Let's Begin
Everything is on fire; so what are we going to do now?
I have felt a profound grief in how politics and world events have separated me from loved ones and, on a broader level, all of us from each other. 10 years ago, I decided to change course. After a lifetime of being uninterested in politics, I decided I had to step up and enter the arena. I felt called to do so. I went back to school. I studied Political science and got a Bachelor’s and a Master’s degree. I have sought to understand everything I have seen around me, and I’m left with the uncomfortable realization that information is not the problem.
I had all kinds of ideas about how I could or would use my newfound education to help create a better world in some way. I now understand government, politics, and international affairs with excruciating clarity. I feel frozen in place and horrifyingly awake as I’m watching the world burn around me. I feel a sense of foreboding- like I’m watching a tsunami wave build into a giant wall of water; never knowing when it will finally collapse over everything.
If we get through this, there will not be a status quo to return to. It’s hard to reform a system that no longer exists. There are so many wonderful scholars, political scientists, historians, journalists, and commentators who are explaining, diagnosing, comparing, and reporting. I’m feeling a deep need to see people start to talk about what will come next. Americans have been feverishly voting for change for years, ping-ponging back and forth on the ideological spectrum, every time getting more frustrated when our problems aren’t addressed. Trump’s time is ending one way or another. The political class will be lost in the wilderness, more fully estranged from Americans and their wants and needs than I can remember.
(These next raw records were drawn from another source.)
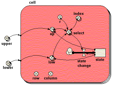In the present implementation, these lower and upper values are represented in two 3x3 arrays, held in the variables lower and upper respectively. Within the grid cell submodel, one row from these two arrays is selected, according to the current state of that cell. This is then compared with a random number r to determine the new state. This is then used to engineer an appropriate value for the flow causing a change in the state compartment.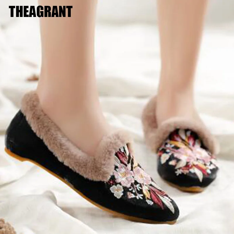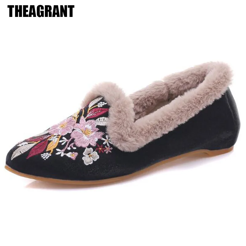 Special Offer THEAGRANT haftować buty zimowe kobieta ciepłe futro z polaru na co dzień kobiety mieszkania mokasyny etniczny Slip on panie chiński buty WFS2015 Discount 45% Today!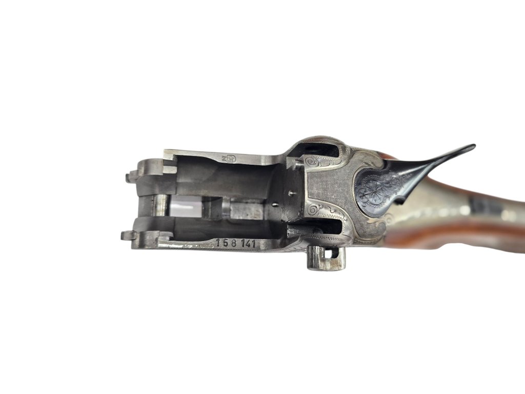 Zbraň je v pôvodnom stave bez dodatočných úprav – neprebehlo žiadne dodatočné černenie hlavní ani opravy dreva. Stav hlavní je veľmi pekný: vnútro je zrkadlové, bez poškodenia, čo je pri použitej brokovnici najdôležitejšie. Mechanika je zdravá a podstatné plus: uzamykanie je pevné a bez vôle.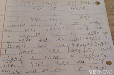 | Với đề bài: "Hãy viết về những giải pháp cho thế giới trong năm mới", cậu bé này đã viết: "Tôi hy vọng thế giới sẽ không còn chiến tranh và những nhà máy sẽ không làm ô nhiễm môi trường. Tôi hi vọng sẽ có những phát hiện mới trong khoa học và toán học. Tôi cũng mong Katy Perry sẽ viết được một bài hát mà tôi thích. Tôi mong cậu em trai sẽ chơi tốt trong môn bóng đá". |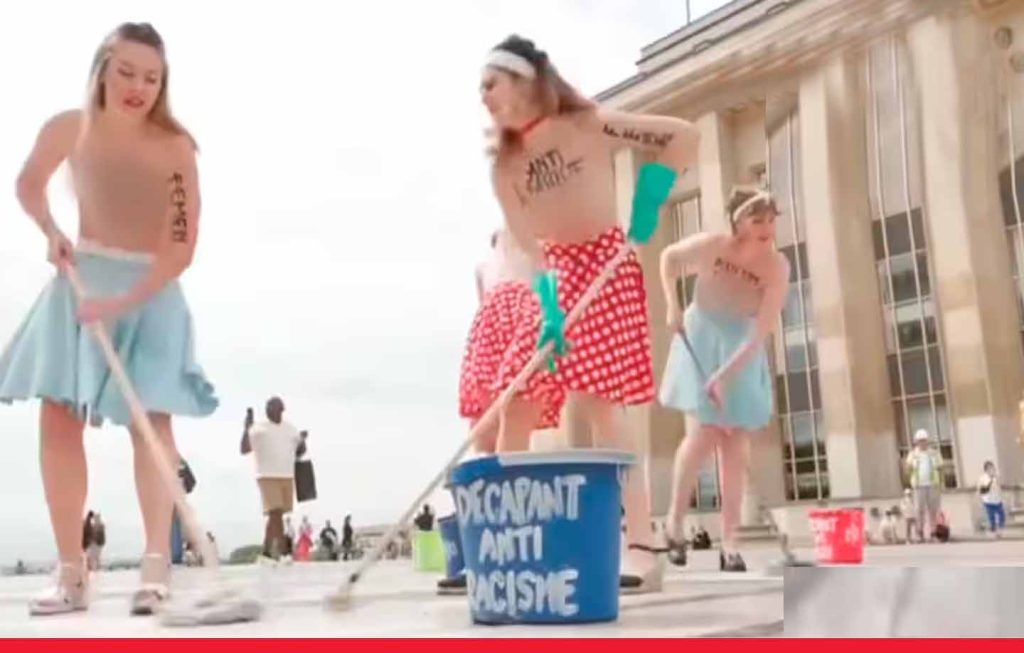 एफिल टॉवर के सामने महिलाओं ने टॉपलेस होकर फासीवाद के खिलाफ लगाए नारे

The concept of “soft power” (coined by Joseph Nye) has its roots in political science. The general idea is that you lead and have power because others want what you want because you’ve made it desirable. Soft power comes from the people and the societies we create. It cannot be easily created by government alone. It’s hard to control, and it’s hard to quantify. Americans have benefited from soft power for a very long time by exporting our culture, ideas, and values. Despite having all the information, one could imagine at our fingertips, we have never seen trust as low as it is and dropping.
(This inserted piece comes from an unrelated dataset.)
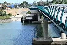 Tenders to replace the ferro-concrete bridge were sought in 1956.[6] A variety of designs for the bridge were proposed, including a steel box-girder bridge, pre-stressed concrete and welded plate girder designs.[6] The final accepted design used reinforced concrete supported by steel girders.[6] A three-lane reinforced high-level bridge was opened in October 1959.[3] The 1959 bridge has a reversible direction lane, allowing for two westward city-bound lanes operating in mornings and two eastbound lanes operating in evenings.[3] In 1971, the Pakuranga Highway Bridge / Waipuna Bridge was constructed to the south,[9] which became the more popular route for traffic to cross the Tāmaki River.[3]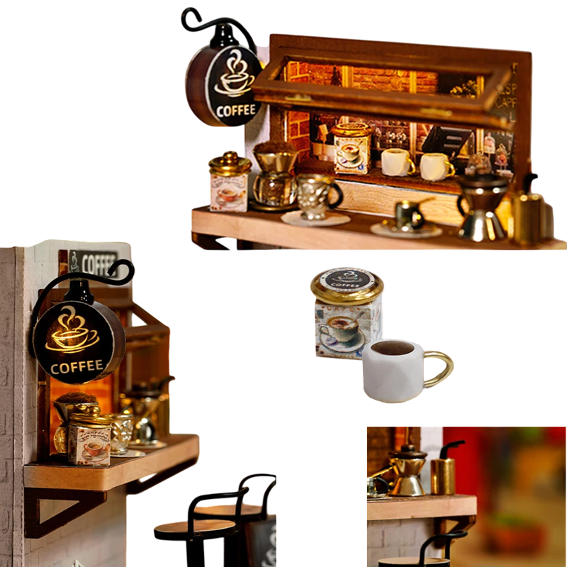 La casetta miniaturizzata è il progetto ideale per momenti di relax e per creare insieme ai bambini. Tutti i pezzi sono tagliati con precisione e si incastrano facilmente. Grazie al suo design compatto, non occupa molto spazio, ma allo stesso tempo delizia con i suoi ricchi dettagli. La casetta può servire come decorazione per interni, vetrina per bambole o parte di una collezione da collezionare. Fatto a mano e assemblato personalmente conferisce a ogni modello un carattere unico.

I’m struck by the failures of soft power, by its absence. I’ve felt it when I’ve been unable to persuade people I thought I knew of things I thought they believed. I’ve seen it fail the collective in vaccine hesitancy, climate change, in civic virtue, in maintaining our democratic values. It has been shocking to witness and I feel a real sense of helplessness in the gap between facts and trust. Facts alone are not enough—our human nature isn’t completely rational. Without working to build the case, to persuade, to create a culture that sells the facts? We have nothing and only more to lose.
All of our soft power is being spent away, and I think it is time that we reclaim it. We need to talk about what we want for our futures. We should take this moment to decide if the values and ideas of the past are still the ones we want to be the foundation for the future we will have to build. So much of what Americans are dissatisfied with has to do with precedent being calcified. Some suggest changing it would be against the Constitution. Thomas Jefferson argued that every generation should get to write their own constitution because the living shouldn’t be held captive by the dead. Jefferson’s argument, though, reveals that transformation and rebirth might not be alien DNA. This could be the greatest opportunity for the transformation Americans have been longing for.
I intend to write about ideas for how we can transform the country and ourselves. I truly believe that MOST of us want the same things. This chaos is scary, but maybe from the ashes we can create a new version of what we want to be. I would love to hear from you about ideas you have had or want to see discussed or even just how you are feeling and coping. I want to write about what is most important to all of us. I know better is possible, and together we can reinvigorate a sense of civic responsibility and participation. We all owe that to each other, future generations, and the rest of the world.